Baca: SBY Beberkan Bukti Ketidaknetralan BIN, TNI dan Polri di Pilkada
SBY sebelumnya menyebut Badan Intelijen Negara (BIN), TNI dan Polri tidak netral dalam menghadapi pesta demokrasi. Dia mengungkit pilkada DKI Jakarta 2017.
Calon wakil gubernur yang diusung Partai Demokrat, Sylviana Murni, berkali-kali dipanggil kepolisian untuk diperiksa terkait dugaan korupsi dalam pengelolaan dana bantuan sosial pemerintah DKI di Kwarda Pramuka DKI Jakarta tahun anggaran 2014 dan 2015. Suami Sylviana, Gde Sardjana, juga beberapa kali diperiksa kepolisian terkait aliran dana ke terduga pelaku makar.
SBY menyebut pemanggilan itu janggal. Dia juga mengungkit saat namanya disebut oleh mantan Ketua Komisi Pemberantasan Korupsi Antasari Azhar sebagai dalang yang membuat Antasari dipenjara.

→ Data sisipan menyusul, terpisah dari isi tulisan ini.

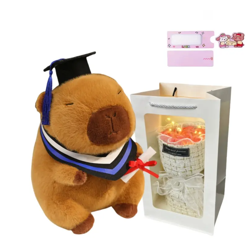 Название продукта: Выпускной Капибара-кун - синяя шляпа с кисточками + розовый букет личи + выдвижная поздравительная открытка с щенком

Komaruddin balik mempertanyakan pernyataan SBY itu. Dia menyoal kasus yang menjerat Antasari saat tengah mengusut dugaan korupsi pengadaan alat IT di Komisi Pemilihan Umum saat pemilu legislatif 2009. Komaruddin juga menyebut SBY memberikan iming-iming jabatan pengurus teras partai kepada komisioner KPU Anas Urbaningrum dan Andi Nurpati.
Baca: SBY Bertanya Soal Rumah Deddy Mizwar yang Digeledah Pj Gubernur
Tak hanya itu, Komaruddin melontarkan sejumlah serangan lain seperti manipulasi daftar pemilih tetap (DPT) pemilu 2009, penggunaan dana Anggaran Pendapatan dan Belanja Negara (APBN) melalui dana bantuan sosial untuk keperluan pemilu, dan penggunaan intelijen dalam pilpres 2004 dan 2009. "SBY-lah yang justru telah menggunakan alat-alat negara agar tidak netral," ujar Komaruddin.

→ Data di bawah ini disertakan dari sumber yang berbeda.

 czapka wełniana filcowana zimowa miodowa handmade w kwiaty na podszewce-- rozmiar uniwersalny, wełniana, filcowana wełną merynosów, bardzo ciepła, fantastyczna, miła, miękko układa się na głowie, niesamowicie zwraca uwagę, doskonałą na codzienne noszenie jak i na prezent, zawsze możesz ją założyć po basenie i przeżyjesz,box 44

Komaruddin pun meminta SBY tak menyamakan pemerintahan era dirinya dan Joko Widodo saat ini. Menurut Komaruddin, PDIP tentunya sudah menang dalam pilkada lalu jika memang menggunakan aparat negara.

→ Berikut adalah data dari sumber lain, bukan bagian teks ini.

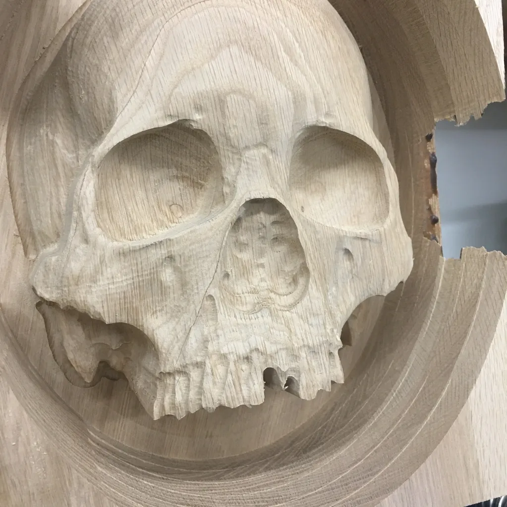 Skull carving complete. Ready to be trimmed.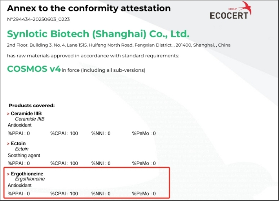 Shanghai Yunluo: Ergothione získal certifikáciu COSMOS
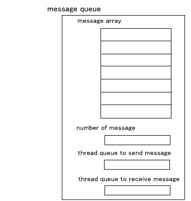 The "message array" in the figure is the OSMessage array and is the message region. The user specifies this size during initialization. This region is used as the FIFO queue. Internally, it is actually the ring buffer, and there are variables that exist to control it. However, the explanation on this page has been left out.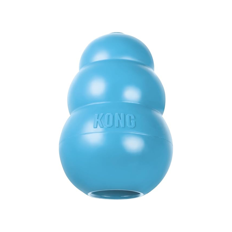The Puppy Kong dog toy is made with a unique, natural rubber formula that is the most gentle within the Kong rubber toy line. Designed to meet the needs of a puppy’s 28-baby teeth, it helps teach appropriate chewing behavior while offering enrichment and satisfying a younger pup’s instinctual needs while the erratic bounce make it ideal for those pups that just want to play.

Dia pun menyebut serangan ke pemerintahan Jokowi menunjukkan SBY tak memikirkan kepentingan bangsa dan negara, melainkan partai dan keluarganya. "Lebih pada persoalan bagaimana AHY dan Ibas yang diklaimnya sebagai keturunan Majapahit. Lalu begitu jago yang diusung di pilkada elektabilitas rendah, tiba-tiba salahkan penggunaan alat-alat negara," ujarnya.
Komaruddin mengatakan SBY sebaiknya buka-bukaan perihal apa yang terjadi dalam pilpres 2004 dan 2009 ketimbang terus menyalahkan Jokowi dan aparat negara.